Top of TASK INPUT
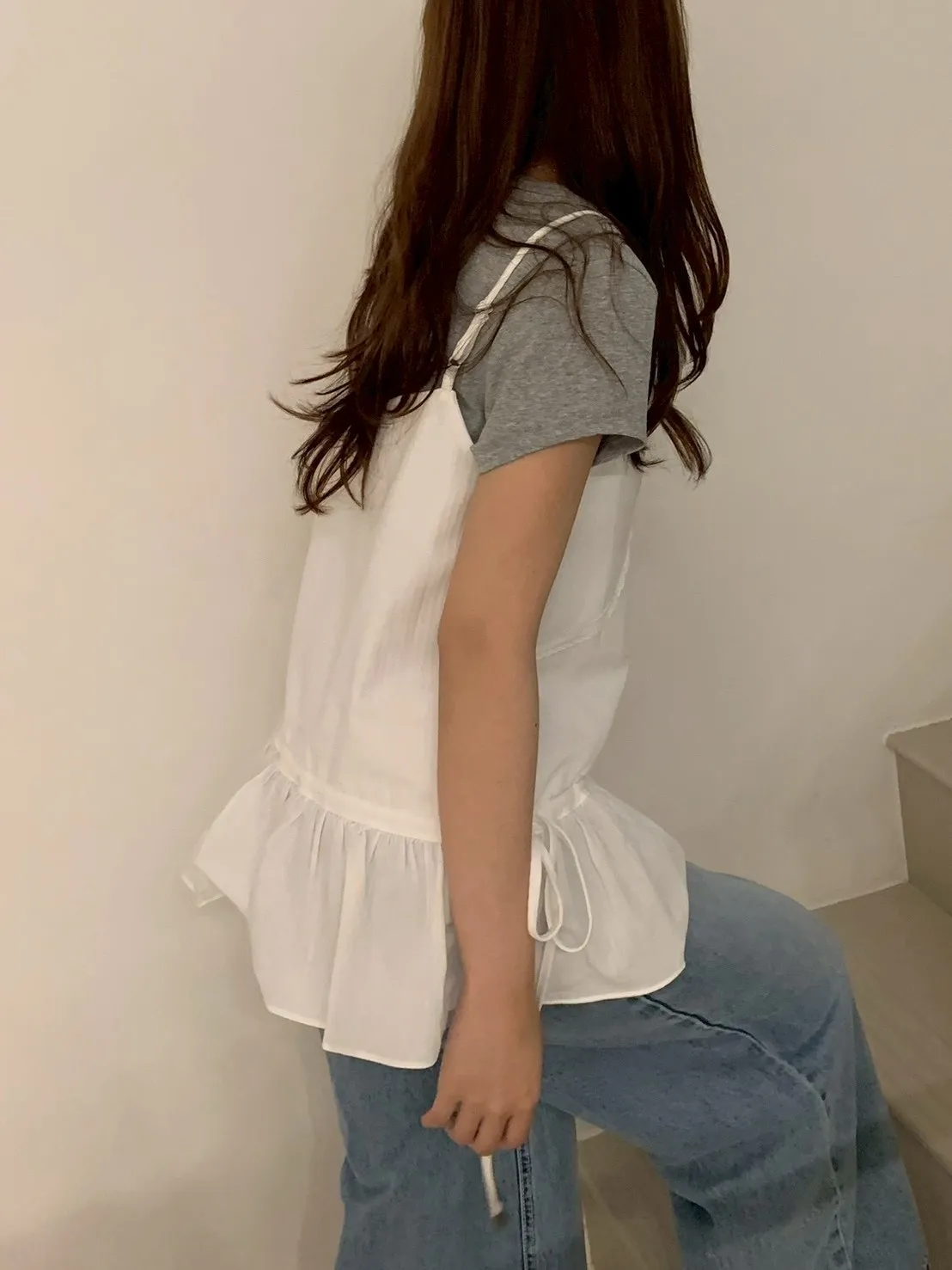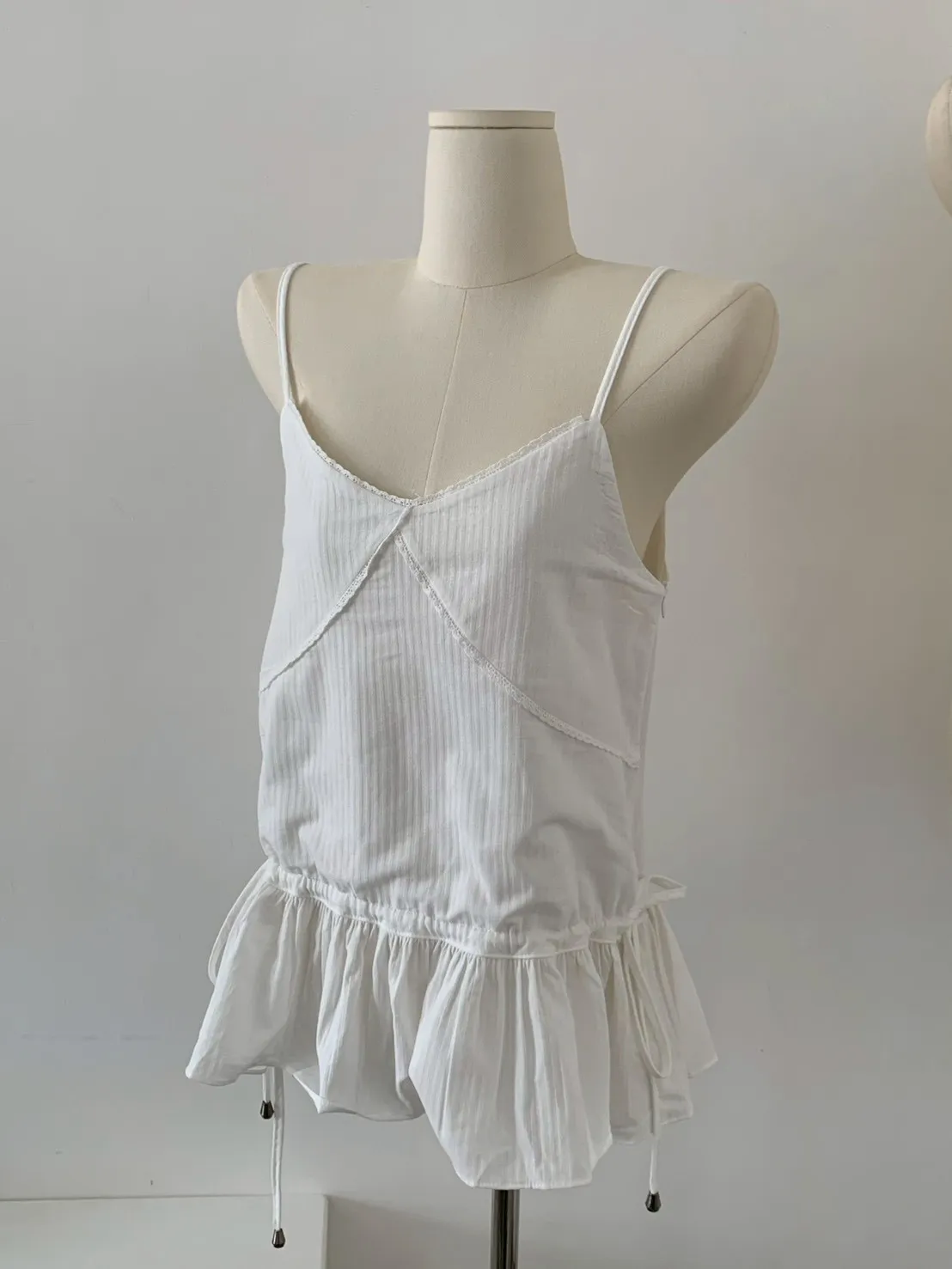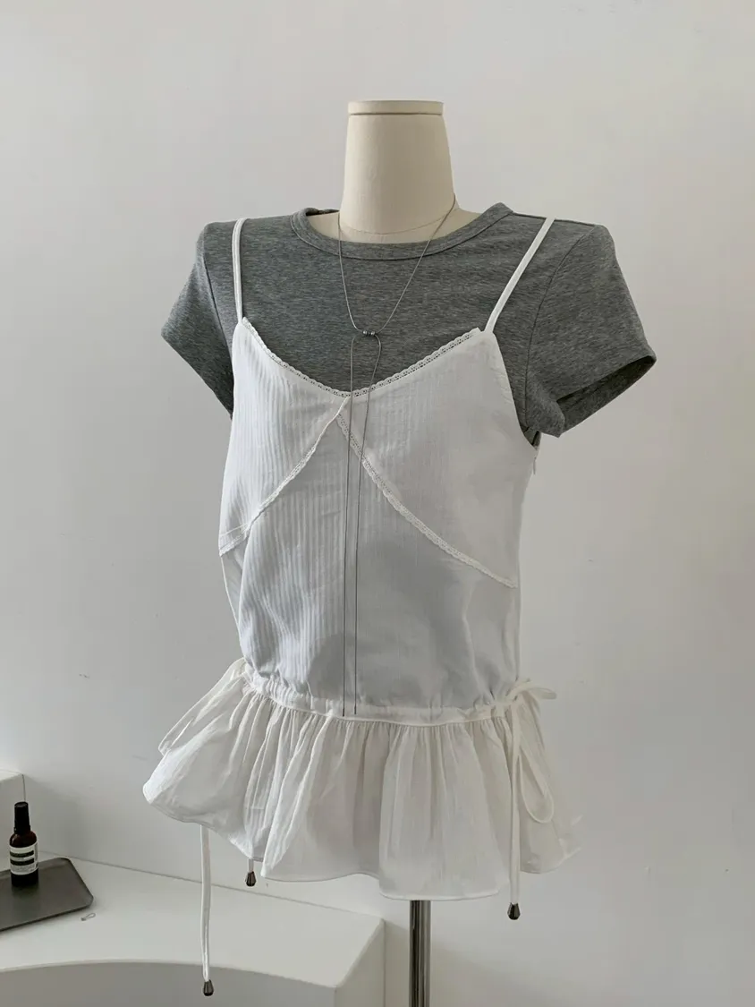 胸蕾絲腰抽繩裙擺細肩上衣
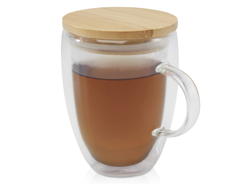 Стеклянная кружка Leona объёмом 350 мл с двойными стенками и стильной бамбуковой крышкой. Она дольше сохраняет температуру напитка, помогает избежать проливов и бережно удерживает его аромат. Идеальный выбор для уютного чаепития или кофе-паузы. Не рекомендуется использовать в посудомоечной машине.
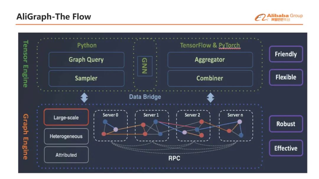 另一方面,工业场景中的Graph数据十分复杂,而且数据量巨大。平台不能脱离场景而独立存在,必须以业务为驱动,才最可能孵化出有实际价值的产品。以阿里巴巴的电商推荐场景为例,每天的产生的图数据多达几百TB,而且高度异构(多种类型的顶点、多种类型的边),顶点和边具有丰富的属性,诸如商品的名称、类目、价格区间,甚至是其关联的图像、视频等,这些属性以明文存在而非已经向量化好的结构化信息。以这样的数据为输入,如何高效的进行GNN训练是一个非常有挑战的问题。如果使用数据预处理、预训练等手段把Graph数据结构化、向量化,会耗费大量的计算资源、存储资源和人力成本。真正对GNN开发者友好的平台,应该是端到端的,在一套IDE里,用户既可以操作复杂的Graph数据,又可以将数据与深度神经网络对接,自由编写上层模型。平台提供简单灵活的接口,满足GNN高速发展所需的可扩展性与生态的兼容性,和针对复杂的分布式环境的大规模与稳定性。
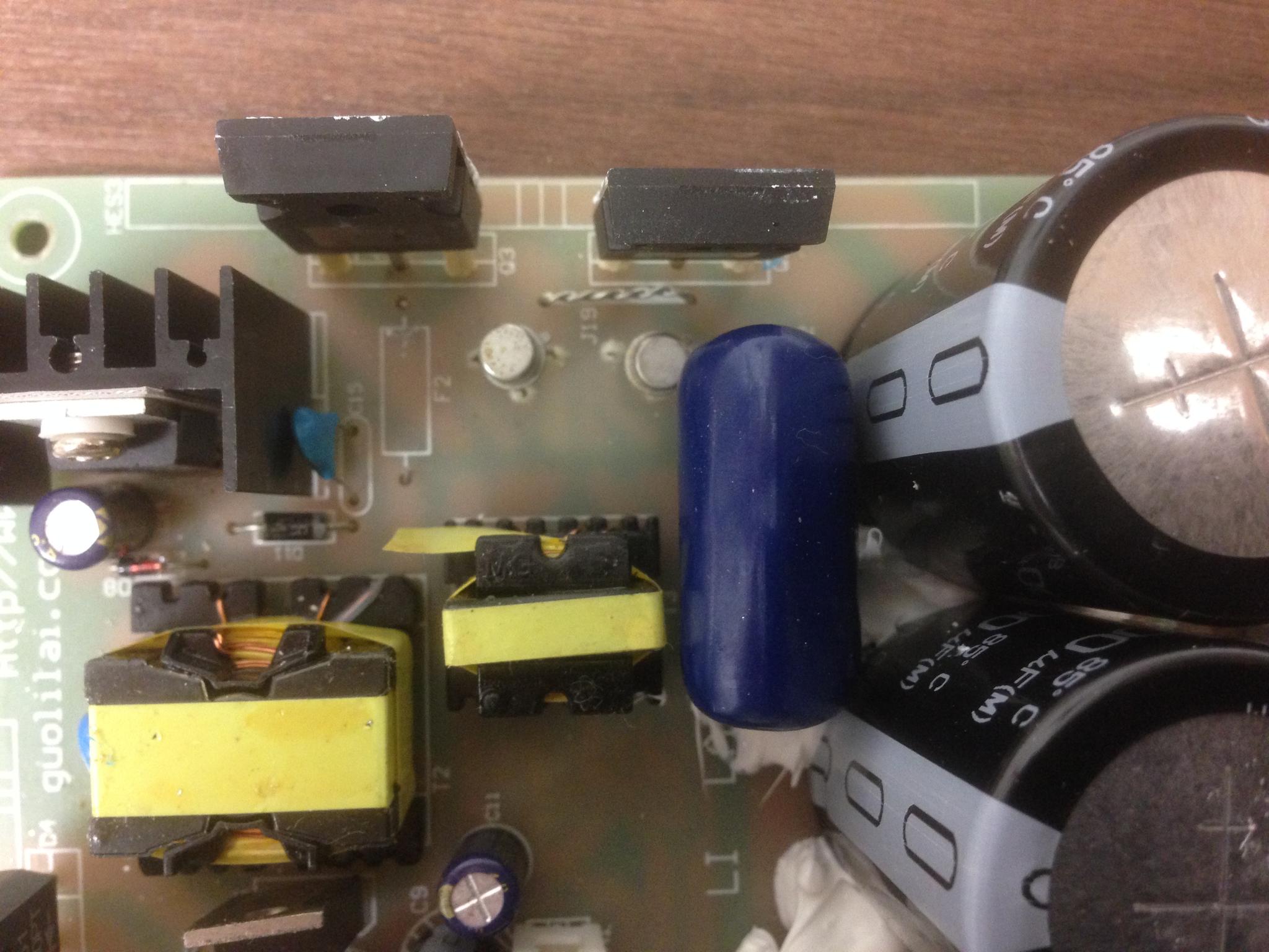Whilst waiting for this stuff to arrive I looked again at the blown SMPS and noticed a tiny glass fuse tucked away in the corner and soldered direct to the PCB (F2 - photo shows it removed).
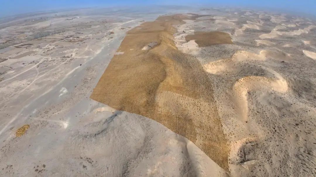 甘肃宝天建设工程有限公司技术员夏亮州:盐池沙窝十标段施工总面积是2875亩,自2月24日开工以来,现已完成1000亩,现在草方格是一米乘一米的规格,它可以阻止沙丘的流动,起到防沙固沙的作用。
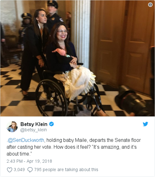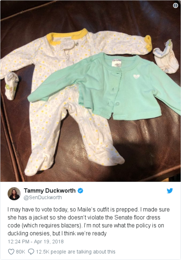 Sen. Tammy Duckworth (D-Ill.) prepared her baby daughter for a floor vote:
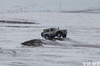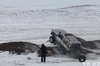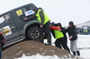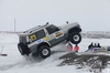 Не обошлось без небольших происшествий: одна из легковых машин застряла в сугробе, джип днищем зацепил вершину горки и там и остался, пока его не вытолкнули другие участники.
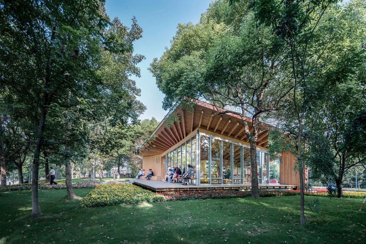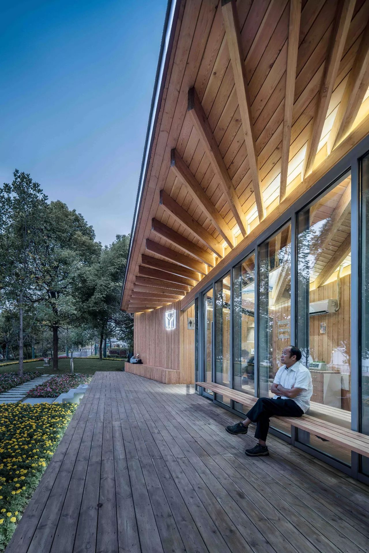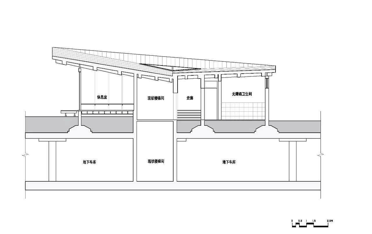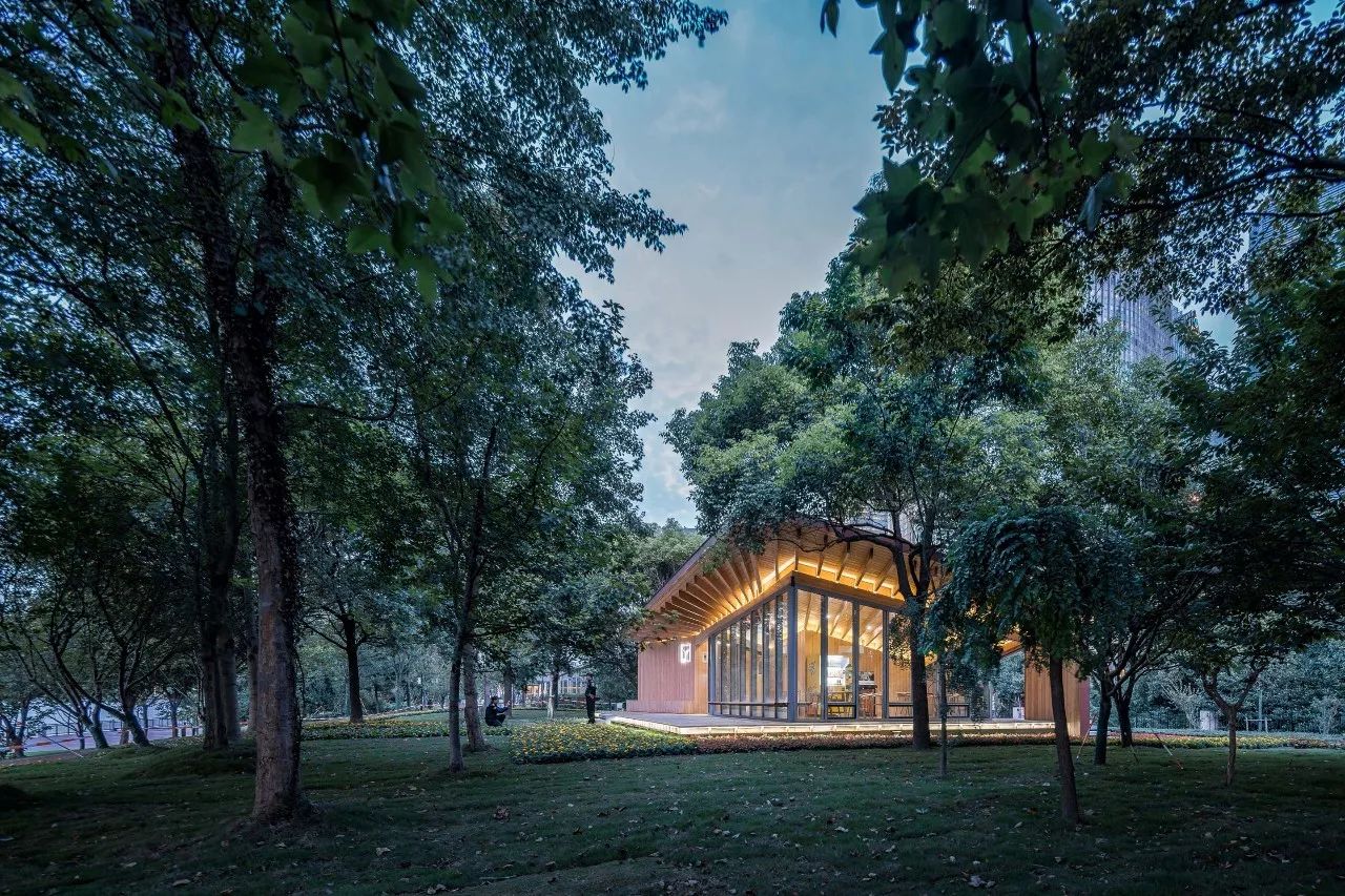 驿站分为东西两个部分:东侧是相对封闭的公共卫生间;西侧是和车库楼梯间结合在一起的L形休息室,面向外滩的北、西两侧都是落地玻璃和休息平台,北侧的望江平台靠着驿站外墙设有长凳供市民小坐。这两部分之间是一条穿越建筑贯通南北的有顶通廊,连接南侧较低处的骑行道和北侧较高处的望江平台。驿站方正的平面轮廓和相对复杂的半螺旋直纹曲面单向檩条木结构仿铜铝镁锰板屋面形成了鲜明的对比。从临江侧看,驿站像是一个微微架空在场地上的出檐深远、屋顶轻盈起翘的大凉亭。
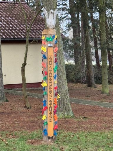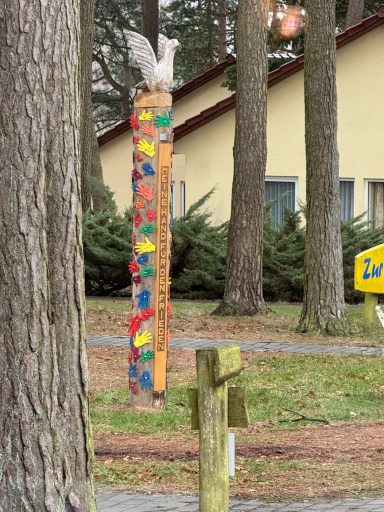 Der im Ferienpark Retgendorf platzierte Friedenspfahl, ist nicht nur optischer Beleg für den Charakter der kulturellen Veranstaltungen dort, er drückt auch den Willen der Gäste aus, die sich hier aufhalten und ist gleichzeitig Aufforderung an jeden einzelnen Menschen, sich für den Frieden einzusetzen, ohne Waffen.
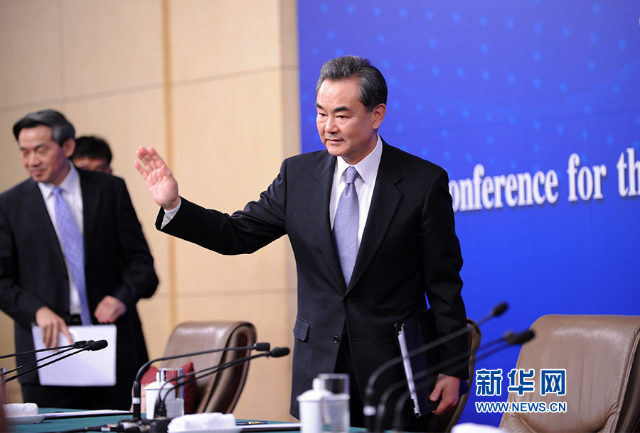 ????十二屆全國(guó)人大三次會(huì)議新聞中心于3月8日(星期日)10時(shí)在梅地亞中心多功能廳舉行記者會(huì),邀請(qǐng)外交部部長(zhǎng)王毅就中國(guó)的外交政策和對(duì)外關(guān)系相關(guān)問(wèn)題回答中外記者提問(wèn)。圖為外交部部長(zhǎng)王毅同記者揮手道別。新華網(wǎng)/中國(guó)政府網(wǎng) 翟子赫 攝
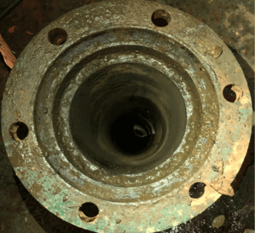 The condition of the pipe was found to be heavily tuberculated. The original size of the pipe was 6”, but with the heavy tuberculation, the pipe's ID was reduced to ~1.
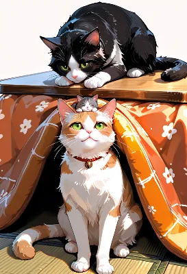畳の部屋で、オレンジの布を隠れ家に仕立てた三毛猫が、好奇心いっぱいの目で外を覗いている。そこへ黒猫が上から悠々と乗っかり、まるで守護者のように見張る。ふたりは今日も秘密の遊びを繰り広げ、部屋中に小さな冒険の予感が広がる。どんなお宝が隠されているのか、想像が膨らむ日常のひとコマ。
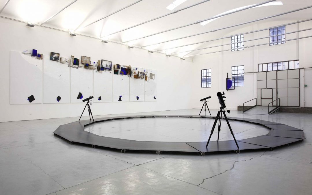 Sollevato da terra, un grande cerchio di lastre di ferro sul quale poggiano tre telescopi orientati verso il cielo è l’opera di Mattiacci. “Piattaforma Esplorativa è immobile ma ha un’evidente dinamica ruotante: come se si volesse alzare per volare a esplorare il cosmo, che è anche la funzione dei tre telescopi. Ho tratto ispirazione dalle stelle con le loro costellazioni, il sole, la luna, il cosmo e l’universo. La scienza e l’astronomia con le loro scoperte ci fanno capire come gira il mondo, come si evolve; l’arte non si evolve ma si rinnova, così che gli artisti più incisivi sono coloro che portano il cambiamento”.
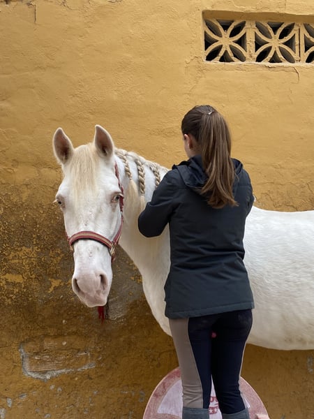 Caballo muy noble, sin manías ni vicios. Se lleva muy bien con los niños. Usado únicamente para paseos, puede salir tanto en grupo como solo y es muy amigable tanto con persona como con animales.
Bottom of TASK INPUT
**INSTRUCTIONS TO FOLLOW:** Without including any picture, print all of the entries above exactly.

**TASK RESPONSE:**
 胸蕾絲腰抽繩裙擺細肩上衣
 Стеклянная кружка Leona объёмом 350 мл с двойными стенками и стильной бамбуковой крышкой. Она дольше сохраняет температуру напитка, помогает избежать проливов и бережно удерживает его аромат. Идеальный выбор для уютного чаепития или кофе-паузы. Не рекомендуется использовать в посудомоечной машине.
 另一方面,工业场景中的Graph数据十分复杂,而且数据量巨大。平台不能脱离场景而独立存在,必须以业务为驱动,才最可能孵化出有实际价值的产品。以阿里巴巴的电商推荐场景为例,每天的产生的图数据多达几百TB,而且高度异构(多种类型的顶点、多种类型的边),顶点和边具有丰富的属性,诸如商品的名称、类目、价格区间,甚至是其关联的图像、视频等,这些属性以明文存在而非已经向量化好的结构化信息。以这样的数据为输入,如何高效的进行GNN训练是一个非常有挑战的问题。如果使用数据预处理、预训练等手段把Graph数据结构化、向量化,会耗费大量的计算资源、存储资源和人力成本。真正对GNN开发者友好的平台,应该是端到端的,在一套IDE里,用户既可以操作复杂的Graph数据,又可以将数据与深度神经网络对接,自由编写上层模型。平台提供简单灵活的接口,满足GNN高速发展所需的可扩展性与生态的兼容性,和针对复杂的分布式环境的大规模与稳定性。
Whilst waiting for this stuff to arrive I looked again at the blown SMPS and noticed a tiny glass fuse tucked away in the corner and soldered direct to the PCB (F2 - photo shows it removed).
 甘肃宝天建设工程有限公司技术员夏亮州:盐池沙窝十标段施工总面积是2875亩,自2月24日开工以来,现已完成1000亩,现在草方格是一米乘一米的规格,它可以阻止沙丘的流动,起到防沙固沙的作用。
 Sen. Tammy Duckworth (D-Ill.) prepared her baby daughter for a floor vote:
 Не обошлось без небольших происшествий: одна из легковых машин застряла в сугробе, джип днищем зацепил вершину горки и там и остался, пока его не вытолкнули другие участники.
 驿站分为东西两个部分:东侧是相对封闭的公共卫生间;西侧是和车库楼梯间结合在一起的L形休息室,面向外滩的北、西两侧都是落地玻璃和休息平台,北侧的望江平台靠着驿站外墙设有长凳供市民小坐。这两部分之间是一条穿越建筑贯通南北的有顶通廊,连接南侧较低处的骑行道和北侧较高处的望江平台。驿站方正的平面轮廓和相对复杂的半螺旋直纹曲面单向檩条木结构仿铜铝镁锰板屋面形成了鲜明的对比。从临江侧看,驿站像是一个微微架空在场地上的出檐深远、屋顶轻盈起翘的大凉亭。
 Der im Ferienpark Retgendorf platzierte Friedenspfahl, ist nicht nur optischer Beleg für den Charakter der kulturellen Veranstaltungen dort, er drückt auch den Willen der Gäste aus, die sich hier aufhalten und ist gleichzeitig Aufforderung an jeden einzelnen Menschen, sich für den Frieden einzusetzen, ohne Waffen.
 ????十二屆全國(guó)人大三次會(huì)議新聞中心于3月8日(星期日)10時(shí)在梅地亞中心多功能廳舉行記者會(huì),邀請(qǐng)外交部部長(zhǎng)王毅就中國(guó)的外交政策和對(duì)外關(guān)系相關(guān)問(wèn)題回答中外記者提問(wèn)。圖為外交部部長(zhǎng)王毅同記者揮手道別。新華網(wǎng)/中國(guó)政府網(wǎng) 翟子赫 攝
 The condition of the pipe was found to be heavily tuberculated. The original size of the pipe was 6”, but with the heavy tuberculation, the pipe's ID was reduced to ~1.
畳の部屋で、オレンジの布を隠れ家に仕立てた三毛猫が、好奇心いっぱいの目で外を覗いている。そこへ黒猫が上から悠々と乗っかり、まるで守護者のように見張る。ふたりは今日も秘密の遊びを繰り広げ、部屋中に小さな冒険の予感が広がる。どんなお宝が隠されているのか、想像が膨らむ日常のひとコマ。
 Sollevato da terra, un grande cerchio di lastre di ferro sul quale poggiano tre telescopi orientati verso il cielo è l’opera di Mattiacci. “Piattaforma Esplorativa è immobile ma ha un’evidente dinamica ruotante: come se si volesse alzare per volare a esplorare il cosmo, che è anche la funzione dei tre telescopi. Ho tratto ispirazione dalle stelle con le loro costellazioni, il sole, la luna, il cosmo e l’universo. La scienza e l’astronomia con le loro scoperte ci fanno capire come gira il mondo, come si evolve; l’arte non si evolve ma si rinnova, così che gli artisti più incisivi sono coloro che portano il cambiamento”.
 Caballo muy noble, sin manías ni vicios. Se lleva muy bien con los niños. Usado únicamente para paseos, puede salir tanto en grupo como solo y es muy amigable tanto con persona como con animales.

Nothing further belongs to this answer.